From 8bbedee5632dbd691fe4db2f895359710db5260c Mon Sep 17 00:00:00 2001
From: Noam Bernstein <noam.bernstein@nrl.navy.mil>
Date: Wed, 31 Dec 2025 09:18:34 -0500
Subject: [PATCH 1/3] Add snapshot_save_old global param, and append to
 truncated existing clone history file in restarts

---
 pymatnext/cli/sample.py    | 66 +++++++++++++++++++++-----------------
 pymatnext/ns.py            |  4 +--
 pymatnext/sample_params.py |  1 +
 3 files changed, 40 insertions(+), 31 deletions(-)
diff --git a/pymatnext/cli/sample.py b/pymatnext/cli/sample.py
index 73d86bb..aadfd48 100755
--- a/pymatnext/cli/sample.py
+++ b/pymatnext/cli/sample.py
@@ -166,42 +166,43 @@ def sample(args, MPI, NS_comm, walker_comm):
     traj_interval = params_global["traj_interval"]
     sample_interval = params_global["sample_interval"]
     snapshot_interval = params_global["snapshot_interval"]

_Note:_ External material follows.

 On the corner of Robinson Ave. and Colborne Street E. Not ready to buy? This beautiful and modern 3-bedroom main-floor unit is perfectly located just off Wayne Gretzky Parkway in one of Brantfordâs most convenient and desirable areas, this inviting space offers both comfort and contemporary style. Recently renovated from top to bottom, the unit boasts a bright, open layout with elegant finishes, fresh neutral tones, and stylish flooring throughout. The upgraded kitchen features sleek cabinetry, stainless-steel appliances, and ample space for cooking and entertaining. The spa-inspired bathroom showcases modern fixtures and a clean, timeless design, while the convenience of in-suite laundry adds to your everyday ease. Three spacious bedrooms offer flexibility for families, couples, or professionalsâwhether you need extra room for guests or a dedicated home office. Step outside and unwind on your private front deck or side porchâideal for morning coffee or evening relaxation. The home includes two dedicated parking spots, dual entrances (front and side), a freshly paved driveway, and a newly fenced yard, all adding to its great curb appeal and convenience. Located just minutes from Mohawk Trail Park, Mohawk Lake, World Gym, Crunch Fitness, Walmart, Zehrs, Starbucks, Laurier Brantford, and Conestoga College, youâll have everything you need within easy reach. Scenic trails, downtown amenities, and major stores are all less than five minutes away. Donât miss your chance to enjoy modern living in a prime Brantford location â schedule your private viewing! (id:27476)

+    snapshot_save_old = params_global["snapshot_save_old"]
     stdout_report_interval_s = params_global["stdout_report_interval_s"]

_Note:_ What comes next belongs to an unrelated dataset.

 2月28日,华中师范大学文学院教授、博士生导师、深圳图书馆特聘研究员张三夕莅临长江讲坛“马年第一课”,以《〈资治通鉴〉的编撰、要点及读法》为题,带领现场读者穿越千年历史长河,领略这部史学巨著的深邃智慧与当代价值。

     step_size_tune_interval = params_step_size_tune["interval"]
-    # WARNING: clone_history_file not restartable
-    if params_global["clone_history"]:
-        clone_history_file = open(f"{output_filename_prefix}.clone_history", "w")
-        clone_history_file.write(f'# {{"fields": ["loop_iter", "clone_source", "clone_target"], "n_walkers": {ns.n_configs_global}}}\n')
-    else:
-        clone_history_file = None
 
     ns_file_name = f"{output_filename_prefix}.NS_samples"

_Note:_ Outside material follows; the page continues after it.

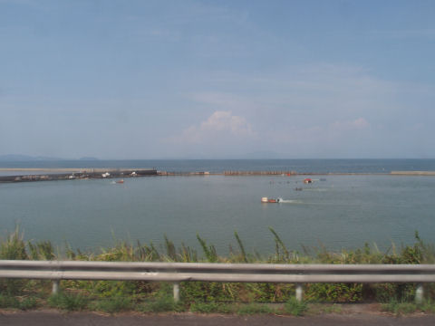 バスに乗ってちょっと寝て起きたとき,海が見えてきました.宇土半島の先端辺りのようです.

+    clone_history_file_name = f"{output_filename_prefix}.clone_history" if params_global["clone_history"] else None
     traj_file_name = f"{output_filename_prefix}.traj{config_suffix}"
 
     if NS_comm.rank == 0:
         if ns.snapshot_iter >= 0:
-            # snapshot, truncate existing NS_samples and .traj.suffix files
+            # snapshot, truncate existing .NS_samples, .clone_history, and .traj.<suffix> files
 
             # NOTE: does this code belong here?  Maybe refactor to a function, maybe
             # move trajectory truncation into NSConfig or something?
 
-            # truncate .NS_samples file
-            f_samples = open(ns_file_name, "r+")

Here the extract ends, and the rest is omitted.